Saturday, 5 February 2011

Dennis Kucinich Requests To See Bradley Manning

By now you have heard about Private First Class Bradley Manning, a military intel officer who has been charged with being involved in leaking classified documents and videos to Wikileaks. He's been in solitary confinement for months, and human rights groups have been looking into his treatment, claiming that he’s been abused.











HAGERSTOWN, Md. (AP) — The United Nations’ top anti-torture envoy is looking into a complaint that the Army private suspected of giving classified documents to WikiLeaks has been mistreated in custody, a spokesperson said Wednesday.


The office of Manfred Nowak, special rapporteur on torture in Geneva, received a complaint from one of Pfc. Bradley Manning’s supportersalleging conditions in a Marine Corps brig in Quantico, Va., amount to torture, said spokesperson Xabier Celaya. Visitors say he spends at least 23 hours a day alone in a cell.


The U.N. could ask the United States to stop any violations it finds.


Think Progress is now reporting that Rep. Dennis Kucinich is protesting the Army’s treatment of Manning, as well as requesting face time with him. Why? Because he (among others) would like to see for himself what is actually going on, and he is questioning whether this is a case of the U.S. Constitution being violated. If it is, he wants something to be done about it:


This is particularly shocking in light of new information revealed that Manning was suspected of having poor mental health before he was deployed to Iraq, with some superiors even requesting that he not be given firearms. Yet despite this press coverage of Manning’s treatment, the military has offered very limited access to him and has refused to address the concerns of human rights and civil liberties advocates.

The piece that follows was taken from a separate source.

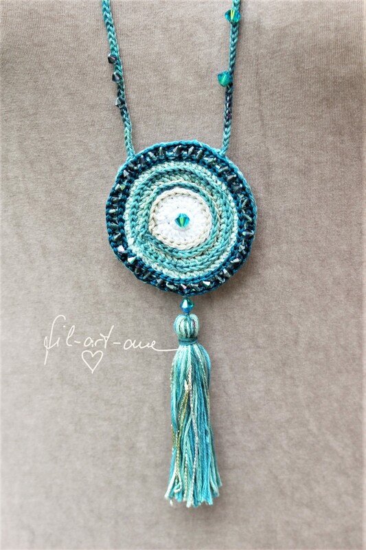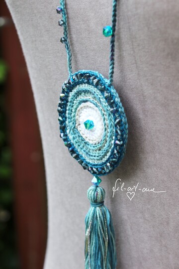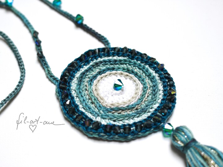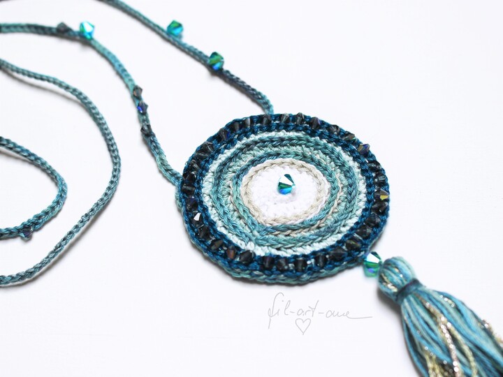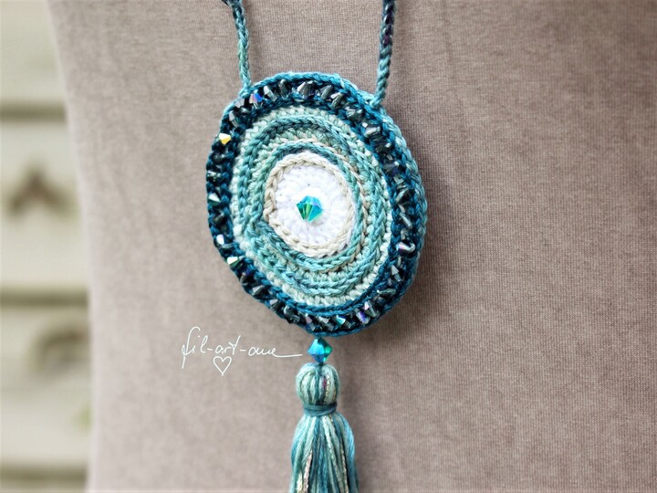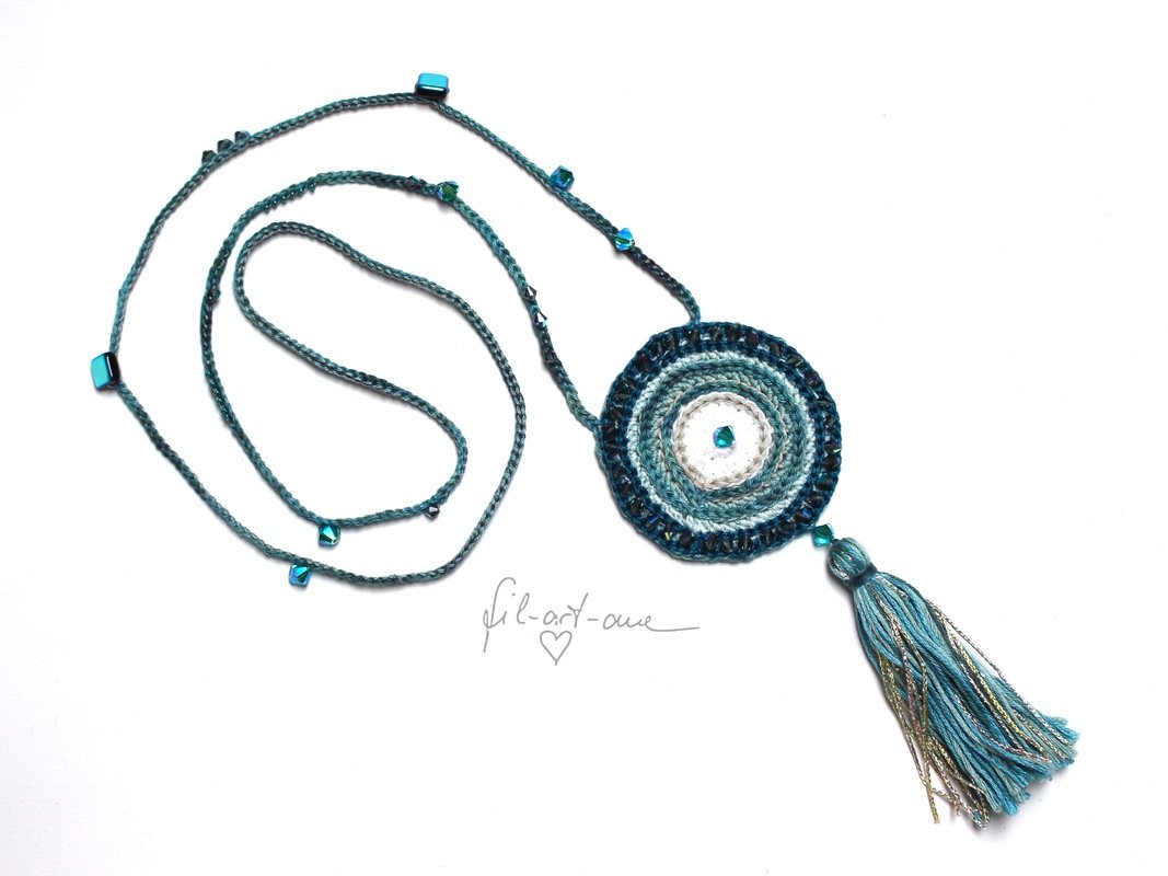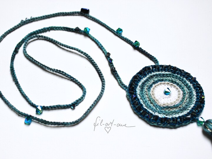 Zu warm für Schals und Tücher? Dann peppe Dein Outfit doch einfach mit einer tollen Kette auf! Lange Boho-Ketten mit Quasten sind vor allem zum Sommer-Outfit immer ein tolles Accessoire und mit dieser handgemachten Kette kannst Du sicher punkten! Wie sie gehäkelt wird, ist in der Anleitung Schritt für Schritt bebildert und ausführlich erklärt.

Now, Rep. Dennis Kucinich (D-OH) has sent a letter to Defense Secretary Robert Gates inquiring about Manning’s condition, protesting the Army’s treatment of him and requesting a visit with the imprisoned solider. In the letter, Kucinich writes that, if Manning is need of mental health treatment, the “Army must end the extreme conditions of” his confinement or at the “very least…explain the justification” for taking such extreme measures during his imprisonment.


Common Dreams has posted Kucinich’s entire letter here. The following excerpt refers to the possibility of Manning’s Eighth Amendment rights being ignored:


Now, reports indicate that the Army has taken Pfc. Manning, a soldier with documented mental health problems, and confined him under conditions that are almost guaranteed to exacerbate his mental health problems. If true, the Army’s treatment would obviously constitute “cruel and unusual punishment” in violation of the Eighth Amendment to the United States Constitution.


There have been ongoing arguments about whether or not Manning has been abused. As Think Progress notes, “solitary confinement is a practice that is common in America’s prison system.”


However:


Last month, leading human rights groups Amnesty International and the Physicians for Human Rights both sent letters to the Department of Defense protesting Manning’s treatment; they noted that solitary confinement is widely used across the United States, it isalmost unheard of for it to be used against a prisoner like Manning who has yet to even be convicted of a crime.


Questions still linger. Hopefully, Dennis Kucinich will be able to provide some answers.